Senin, 12 Juli 2010

Kisah Sepiring Nasi


Malam itu, Ana bertengkar dengan ibunya. Karena sangat marah, Ana segera pergi meninggalkan rumah tanpa membawa apa pun. Saat menyusuri sebuah jalan, ia melewati sebuah Rumah Makan, dan ia mencium harumnya aroma masakan. Ia ingin sekali memesan sepiring nasi, tetapi ia tidak mempunyai uang.

Pemilik Rumah Makan melihat Ana berdiri cukup lama di depan etalasenya, lalau bertanya, “Nona, apakah kau ingin sepiring nasi?” “Tetapi, aku tidak membawa uang,” jawab Ana dengan malu-malu.


“Tidak apa-apa, aku akan memberimu sepiring nasi,” jawab pemilik Rumah Makan. “Silahkan duduk, aku akan menghidangkannya untukmu.”


Tidak lama kemudian, pemilik Rumah Makan itu mengantarkan sepiring nasi dengan lauk pauknya. Ana segera makan dengan nikmatnya dan kemudian air matanya mulai berlinang. “Ada apa Nona?” tanya pemilik Rumah Makan.


“Tidak apa-apa. Aku hanya terharu,” jawab Ana sambil mengeringkan air matanya.


“Bahkan, seorang yang baru kukenal pun memberiku sepiring nasi! Tapi,…. Ibuku sendiri, setelah bertengkar denganku, mengusirku dari rumah dan mengatakan kepadaku agar jangan kembali lagi ke rumah. Bapak seorang yang baru kukenal, tetapi begitu peduli denganku dibandingkan dengan ibu kandungku sendiri,” katanya kepada si pemilik Rumah Makan.

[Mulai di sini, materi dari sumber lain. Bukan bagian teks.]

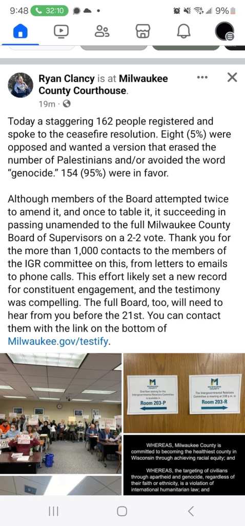Categories Uncategorized Hundreds Pack the Milwaukee County Courthouse to Demand a Board Ceasefire Resolution Post author By wibailoutpeople Post date March 5, 2024 Share this: Share on X (Opens in new window) X Share on Facebook (Opens in new window) Facebook Like Loading... Related ← Madison, March 6, 2024: War Criminals Not Welcome in Wisconsin! – Protest VP Kamala Harris – End all U.S. Aid to Apartheid Israel! – Reparations for Palestine Now! → Wisconsin LGBTQ History Project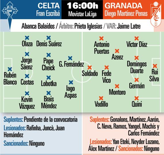 Por su parte, el Granada visita al Celta con el objetivo de prolongar los buenos resultados logrados a domicilio en este inicio de campeonato, ya que empató en Villarreal en la primera jornada (4-4) y en la pasada ganó en el feudo del Espanyol (0-3).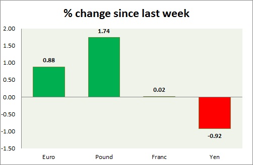 Strength meter (since last week) – Euro +0.88%, Franc +0.02%, Yen -0.92%, GBP +1.74%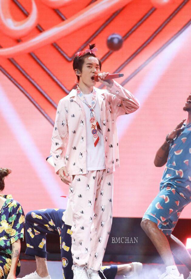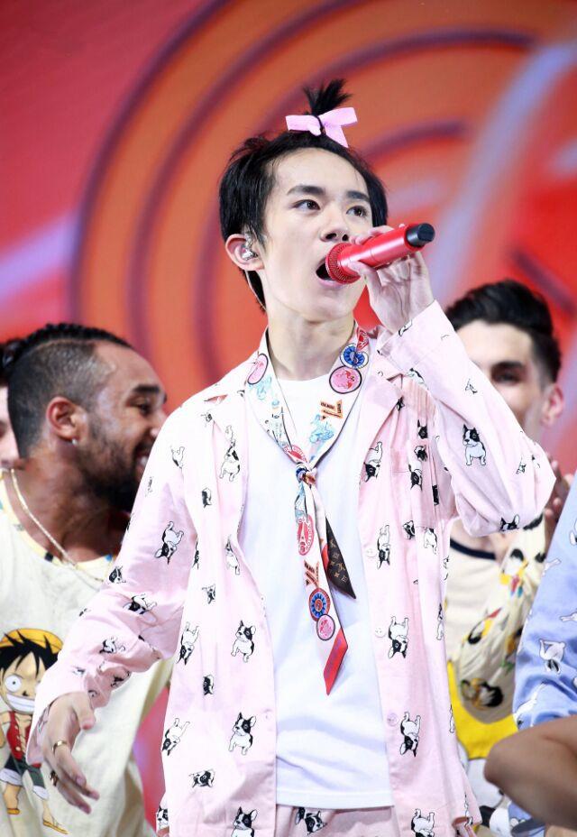 演唱会上一身睡衣装,搭配粉色领带,真是俏皮可爱又不失时尚感。而最大的亮点莫过于他头上的那撮小辫,再就配上一个粉粉的蝴蝶结,少女心炸裂啊!小编不仅感叹一个男生怎么可以这么时尚可爱,也只有易烊千玺了!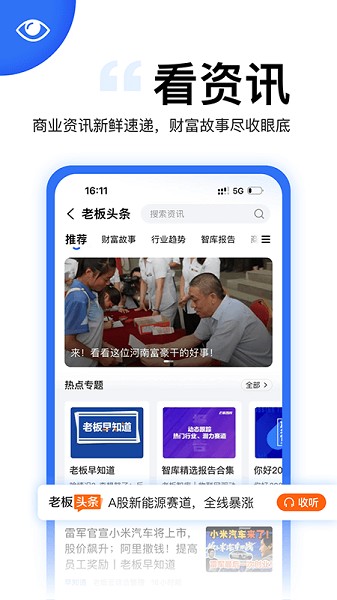 商业情报速递,行业热点追踪,实时呈现老板们都爱看的资讯。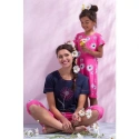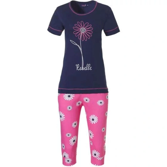 Dámské pyžamo od Rebelle s krátkým rukávem. Na tmavě modrém vršku je obrázek sedmikrásky a text - Rebelle -. Polodlouhé pyžamové kalhoty jsou růžové barvy s potiskem kopretin.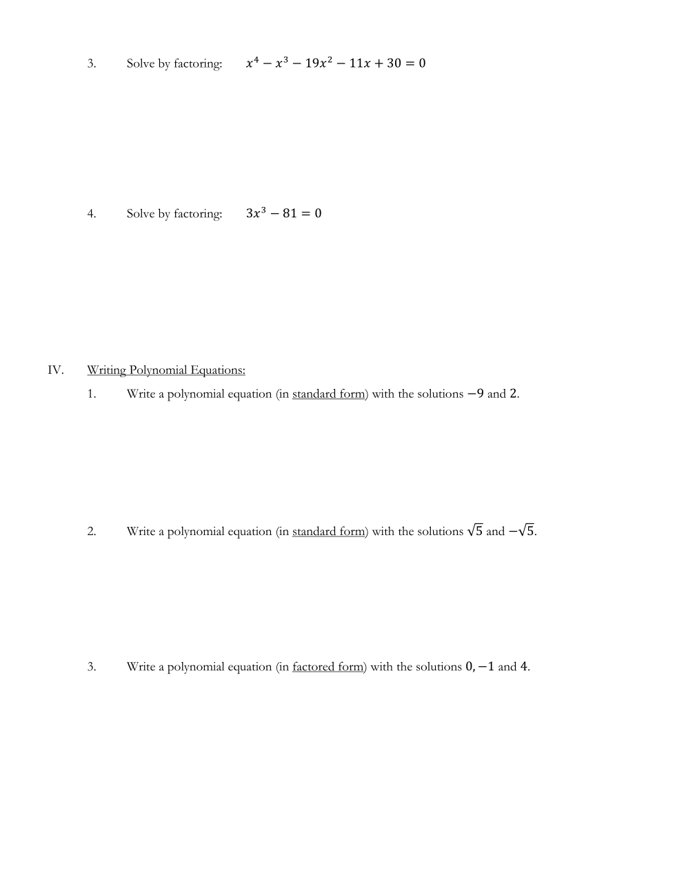 Write an equation in factored form with the solutions 0, -1, and 4.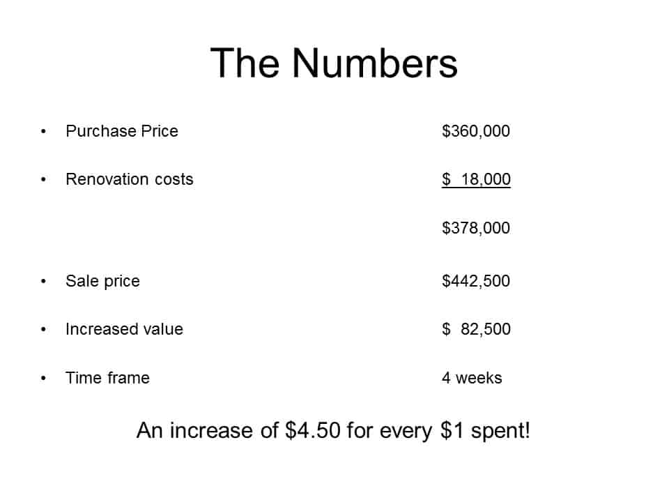 We renovated and sold this renovated home just four weeks after purchasing it. A buyer approached us with a great offer before we staged it and presented it to the public for sale. We were very happy with the result.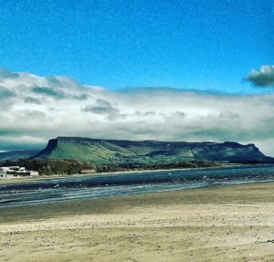 We stayed close to the town of Sligo, situated on the west coast just below Donegal and not too far from the border of Northern Ireland. The landscape here is magnificent, with breathtaking cliffs and crashing surf and mountains that seem to pop up out of nowhere. Here we are on Lissadell Strand (beach), not far from where W.B. Yeats is buried. You can see beautiful Benbulben in the background.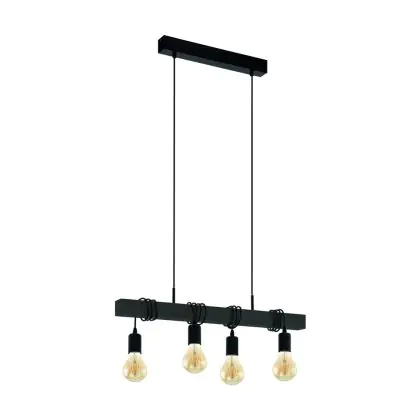 Eglo Pendant Townshend Steel Wood Black | IP20 - Suitable for 4x E27

Pemilik Rumah Makan itu setelah mendengar perkataan Ana, menarik napas panjang, dan berkata, “Nona, mengapa kau berpikir seperti itu?. Renungkanlah hal ini, aku hanya memberimu sepiring nasi dan kau begitu terharu. Ibumu telah memasak makanan untukmu saat kau masih kecil sampai saat ini, mengapa kau tidak berterima kasih kepadanya? Dan kau malah bertengkar dengannya.”


Ana terhenyak mendengar hal tersebut.


“Mengapa aku tidak berpikir tentang hal tersebut? Untuk sepiring nasi dari orang yang baru kukenal aku begitu berterima kasih, tetapi kepada ibuku yang telah memasak makanan untukku selama bertahun-tahun, aku bahkan tidak memperlihakan kepedulianku kepadanya. Dan hanya karena persoalan sepele, aku bertengkar dengannya.”


Ana menghabiskan nasinya dengan cepat. Lalu ia menguatkan dirinya untuk segera pulang ke rumahnya.
Sambil berjalan ke rumah, ia memikirkan kata-kata yang harus diucapkannya kepada ibunya. Akhirnya, ia memutuskan untuk mengatakan, “Ibu, maafkan aku, aku tahu bahwa aku bersalah.”


Begitu sampai di depan pintu, ia melihat ibunya dengan wajah letih dan cemas, karena telah mencarinya ke semua tempat. Ketika ibunya melihat Ana, kalimat pertama yang keluar dari mulut ibunya, “Ana, cepat masuk, ibu telah menyiapkan makan malam untukmu dan makanan itu akan menjadi dingin jika kau tidak segera mamakannya.”


Ana sangat terharu melihat kasih ibunya yang begitu besar kepadanya, ia tidak dapat menahan air matanya dan ia menangis di hadapan ibunya.